I mean, the runtimes are right there in the abstract; this is pretty easy to compare. Bellman-Ford takes time Theta(|V||E|), and as best I can tell the improvements you mention don't change that, they're just constant-factor improvements. As opposed to this algorithm being O(|E|*log(|V|)^8*log(W)), where W is the largest absolute value of a negative edge.
The abstract of this paper even compare the runtime to the state of the art, and what it compares to isn't Bellman-Ford or the improvements you mention; there had already been asymptotic improvements on those.
Real world benchmarks and big O measure different things, so one is not a substitute for another.
Real world benchmarks don't just measure the algorithm, they also measure the implementation. By comparing big O, you can compare algorithms directly instead of comparing implementations of the algorithms.
Big O doesn't take into account constant factors, the time variability of CPU operations (e.g. cache hit vs cache miss), implementation details, or that all useful input sizes might be small. This means that even though an algorithm might have a better big O, it might actually be worse than other algorithms for practical size inputs.

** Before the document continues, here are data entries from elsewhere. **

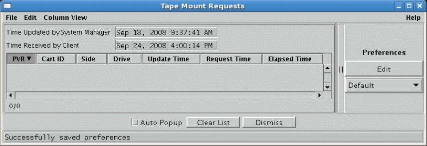 mount requests, including both robotic and operator tape mounts, will be displayed in the window. For
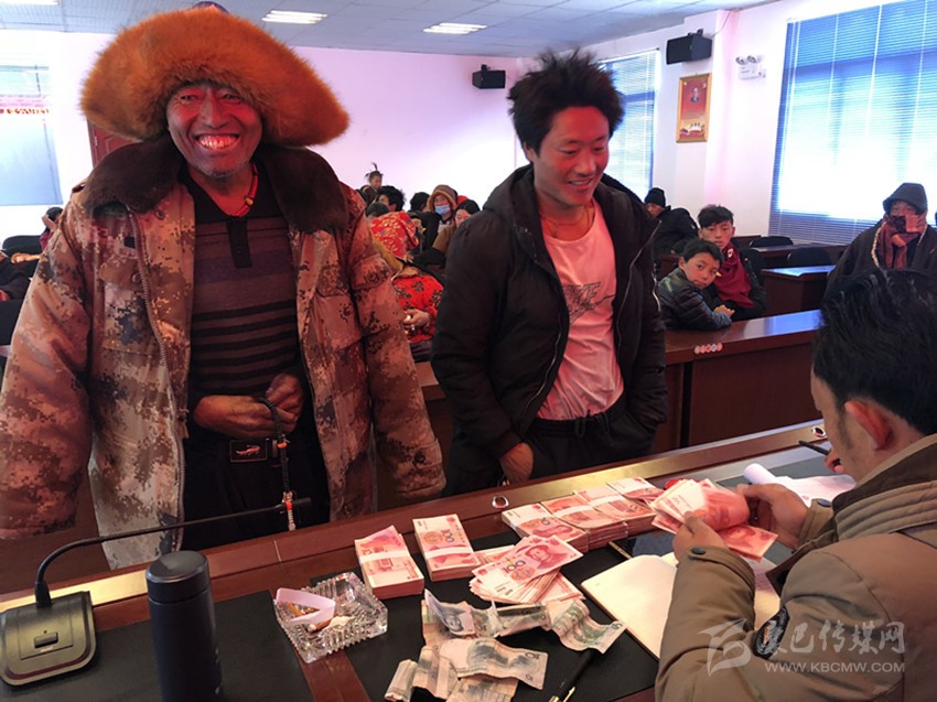 分紅現(xiàn)場,牧民開心地笑了。
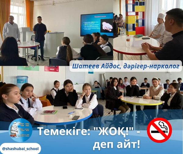 Темекіге: "ЖОҚ"деп айт! • Қарашаның әр үшінші бейсенбісінде Халықаралық темекі шегуден бас тарту күні. Бұл күні оқушыларымызбен пайдалы әңгіме-сұхбат өтті. Арнайы шақырылған қонағымыз бен мектеп дәрігерлері темекі шегудің зияны мен салдары туралы ақыл-кеңестерін айтты. ????????‍⚕️Айдос Алмасханұлы, дәрігер-нарколог: "Электронды темекі - бұл дәстүрлі темекіні ауыстыруға арналған темекі шегу процесін модельдейтін электронды құрылғы. Электрондық темекілерде шайырлар, бензол, канцерогендер, цианид, мышьяк, аммиак және басқа да зиянды заттар жоқ болғанымен, оданда зиянды заттар барын ескерте кету керек." ✅ Қарағанды облысының уәкілінің Жастар кеңесінің "Темекіге: ЖОҚ деп айт!" челленджін шашубайлық жастар қолдайды! @oqu_agartu_ministrligi @aimagambetov @obb_qaragandy @g.kozhakhmetoova @umckrg @bahyt_himaldin @arunamukasheva @bala_qorgau_uakili_krg #скажисигаретамнет???? #темекігежолжоқ???? #ҚОББтәрбие #ШАШУБАЙМЕКТЕБІ
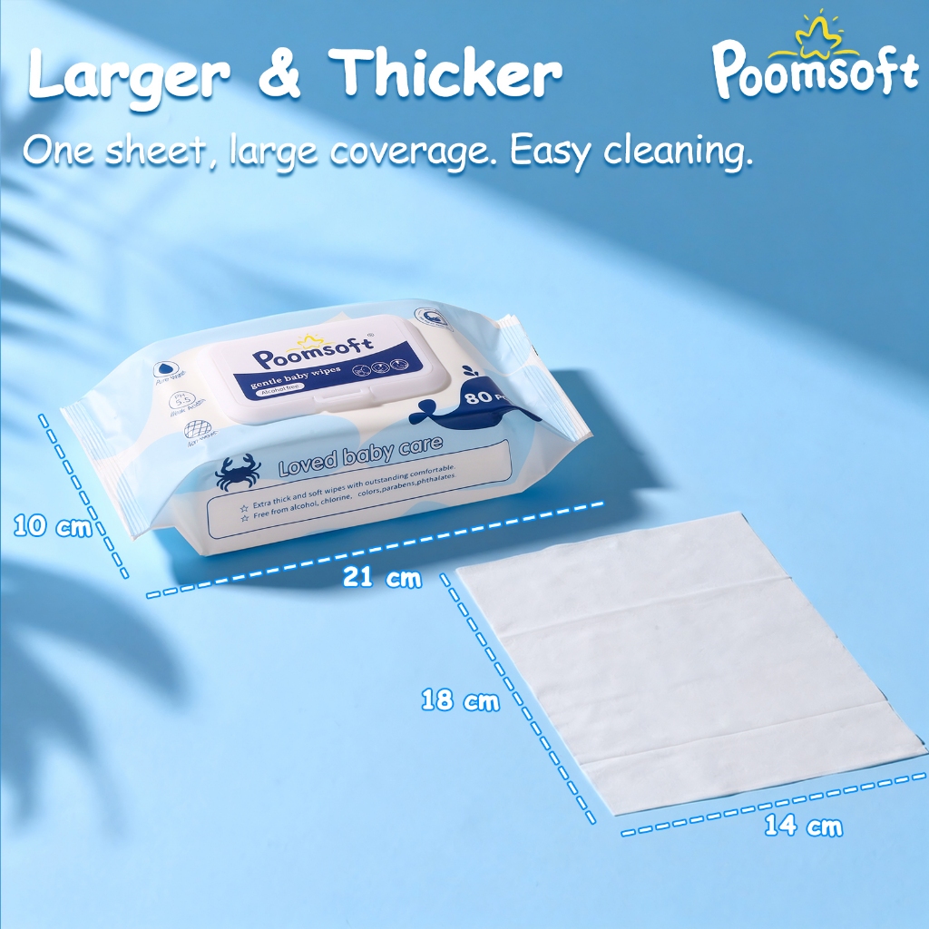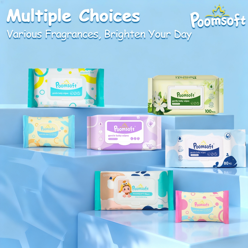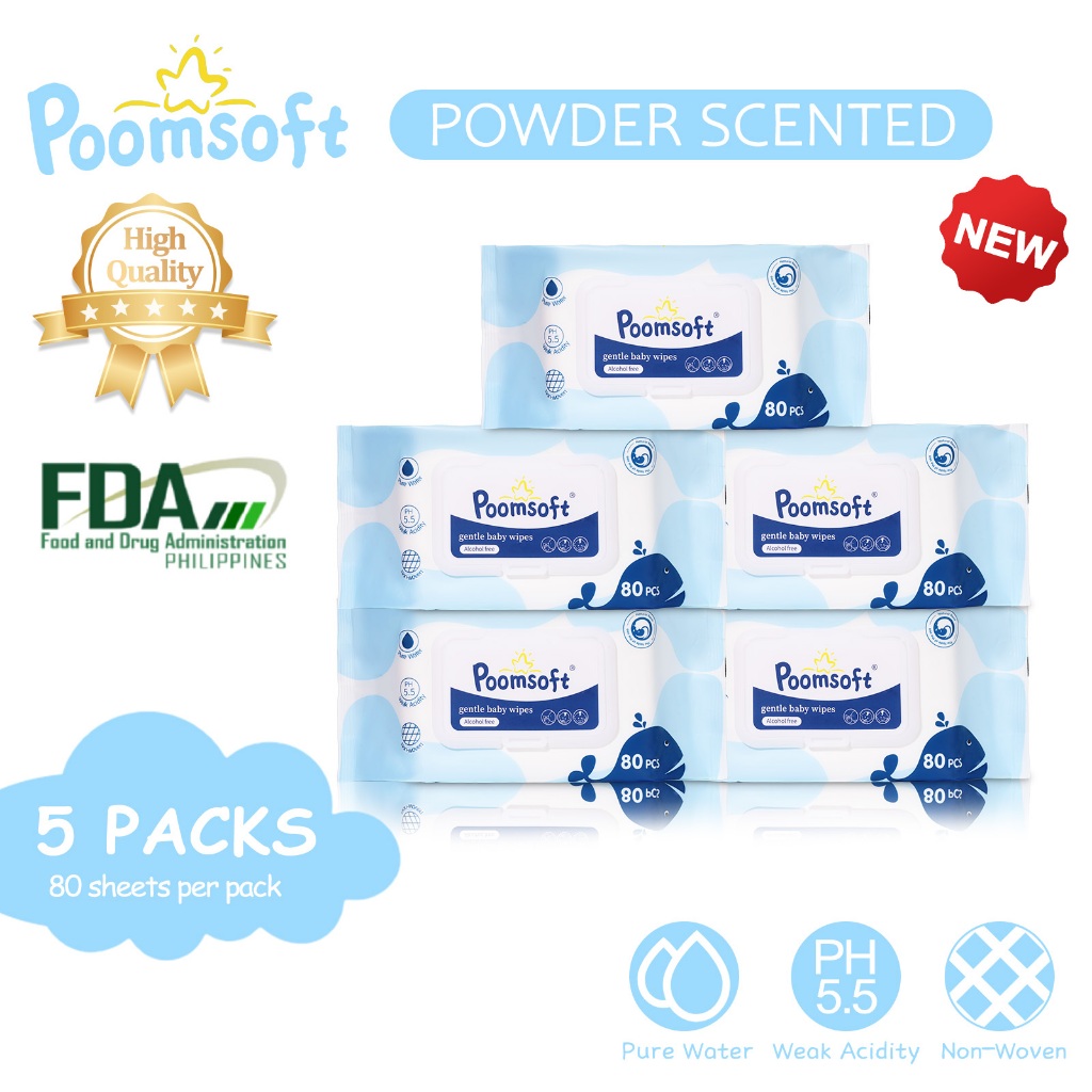 Poomsoft 5 Packs x 80 Sheet Powder Scented No-Alcohol Gentle Wipes For Baby Disposable Wet Wipes
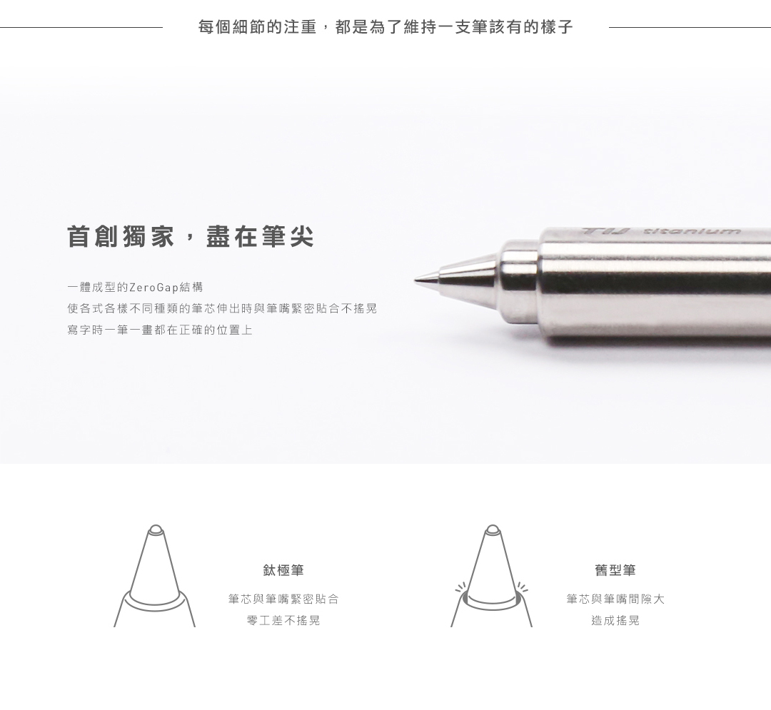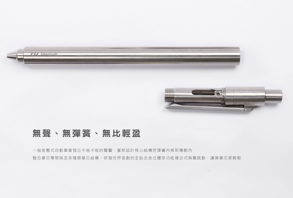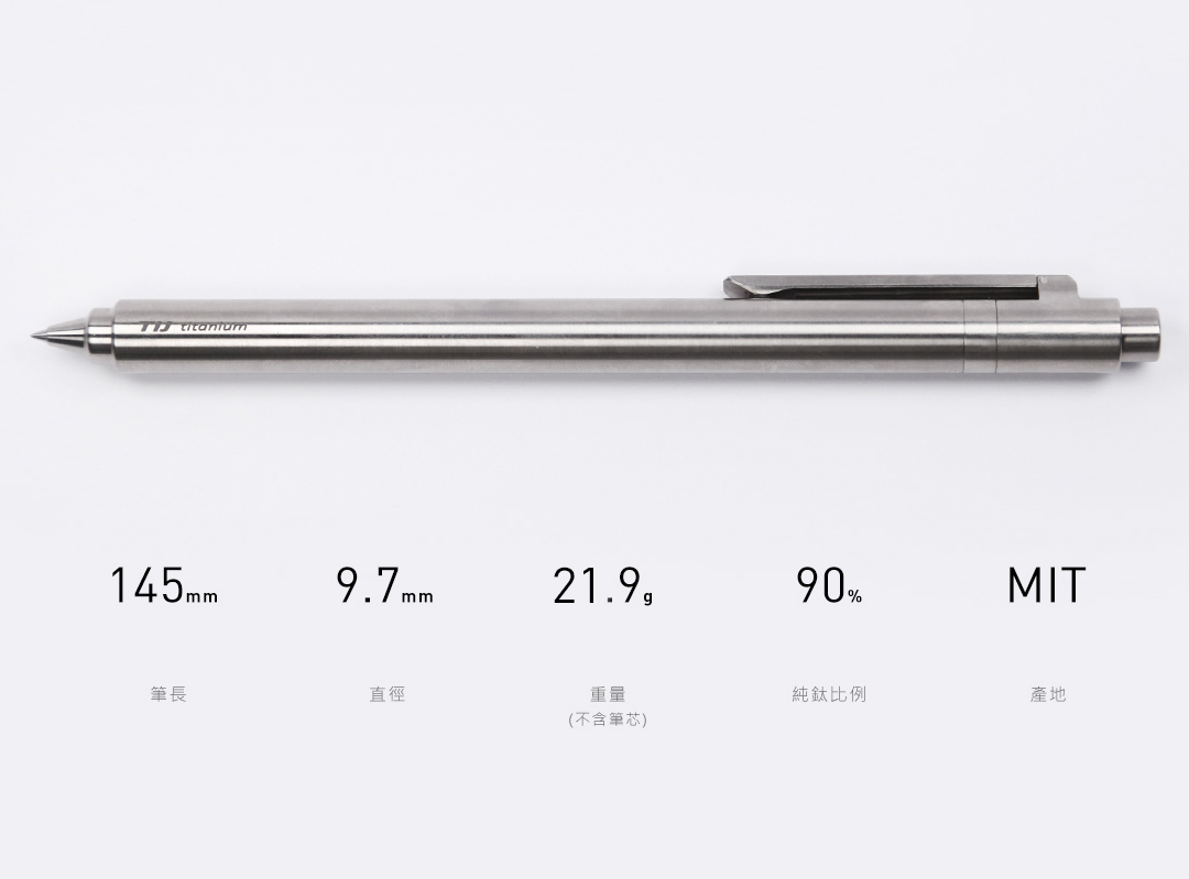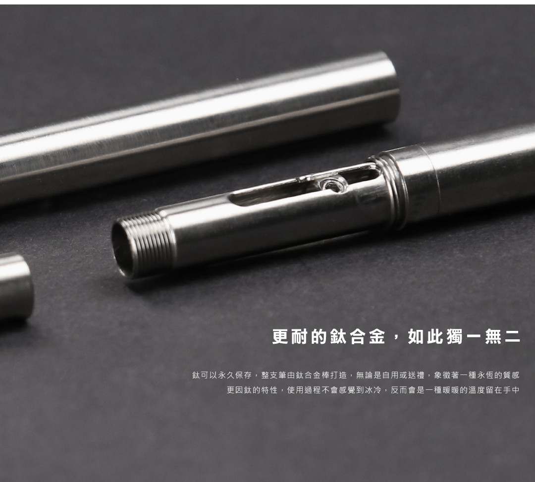 7. 使用高級TC4鈦材:全系列鈦極筆使用TC4實心鈦圓棒製作,成分純淨,更具珍藏價值。
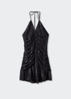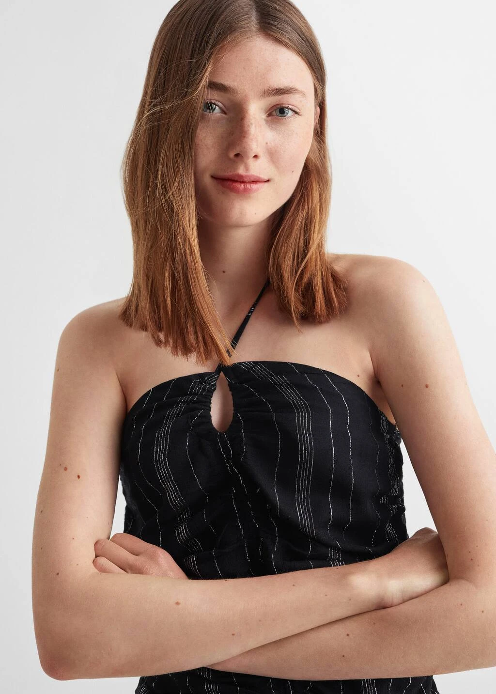 coupe courte, detail brillant, base volantee, col en v, sans manches, fermeture au niveau du colComposition: 98% viscose,2% metal. Doublure: 100% coton
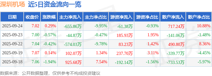 证券之星消息,截至2025年9月24日收盘,深圳机场(000089)报收于7.02元,上涨0.29%,换手率0.46%,成交量9.4万手,成交额6589.87万元。
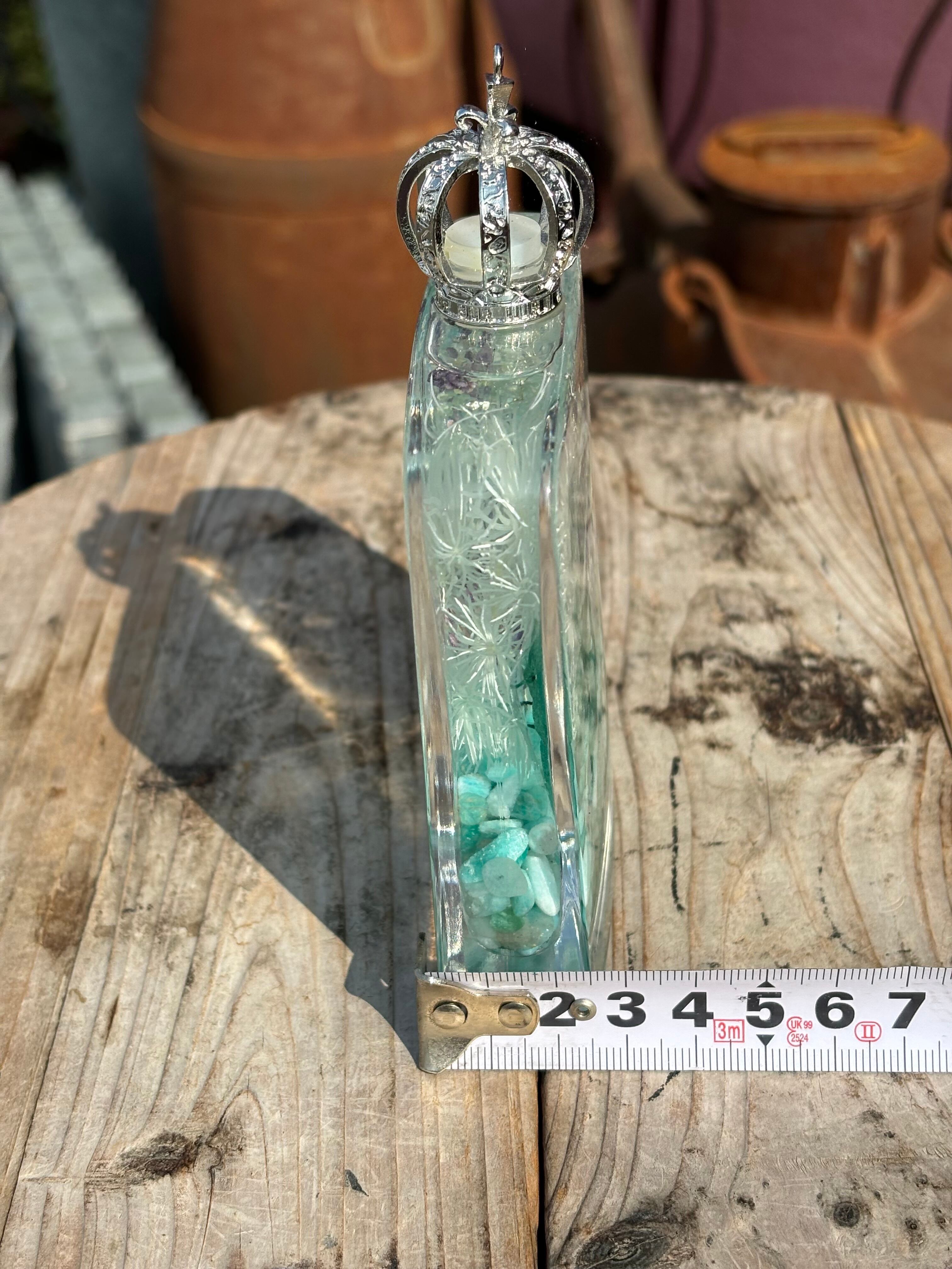 天然石さざれ入りハーバリウム【イルカ】は、癒し効果のあるハーバリウムに、特別な意味を持つ天然石を加えたアイテムです。イルカが描かれたガラス容器に浮かぶ、美しい緑色の植物と天然石が調和したデザインは、部屋においてリラックス効果をもたらしてくれます。
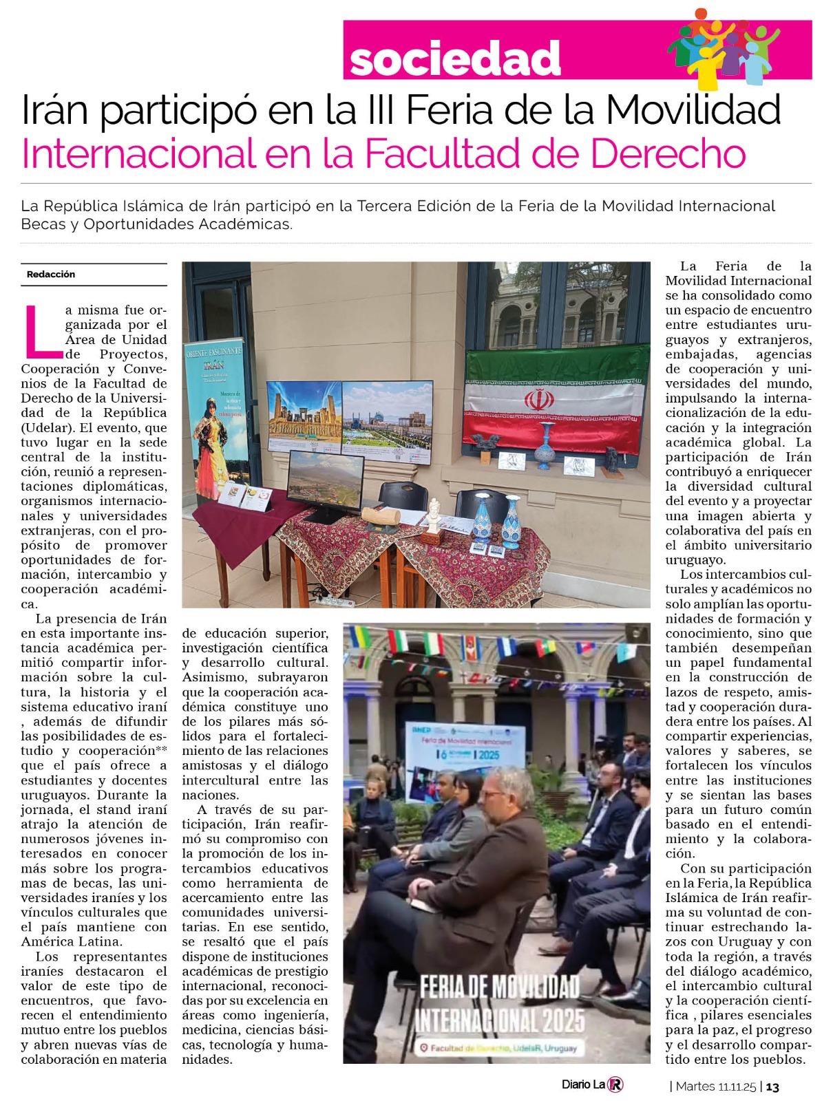 گزارش روزنامه لارپوبلیکای اروگوئه از مشارکت فعال سفارت ج.ا.ایران در مونته ویدئو در سومین دوره نمایشگاه بینالمللی «تبادل دانشجویی» در دانشکده حقوق دانشگاه رپوبلیکا

Creating an algorithm with a better big O is a mathematical breakthrough, but it's not proof that it's going to be practical in the foreseeable future. If you want to additionally prove that, you need real-world benchmarks. So real-world benchmarks would be useful here for some people. It might not be useful for the authors though if their goal is just to prove algorithmic superiority rather than real-world superiority. Creating a real-world benchmark also has the problem that existing implementations have likely been tuned with microoptimizations for years, and the new algorithm's implementation won't have been, leading to an unfair comparison. Your example of 10ms vs 9ms is such a small difference that microoptimizations would matter much more than it.
I was agreeing with you that real world metrics would be useful.
I was making a couple clarifications. You seemed to imply that real-world metrics can be a substitute for big O, but that's not the case, they do different comparisons.
Also, I was pointing out that the 10ms vs 9ms example isn't a set of numbers that would indicate one algorithm is better than the other, just that one implementation is better than the other.
The abstract of this paper even compare the runtime to the state of the art, and what it compares to isn't Bellman-Ford or the improvements you mention; there had already been asymptotic improvements on those.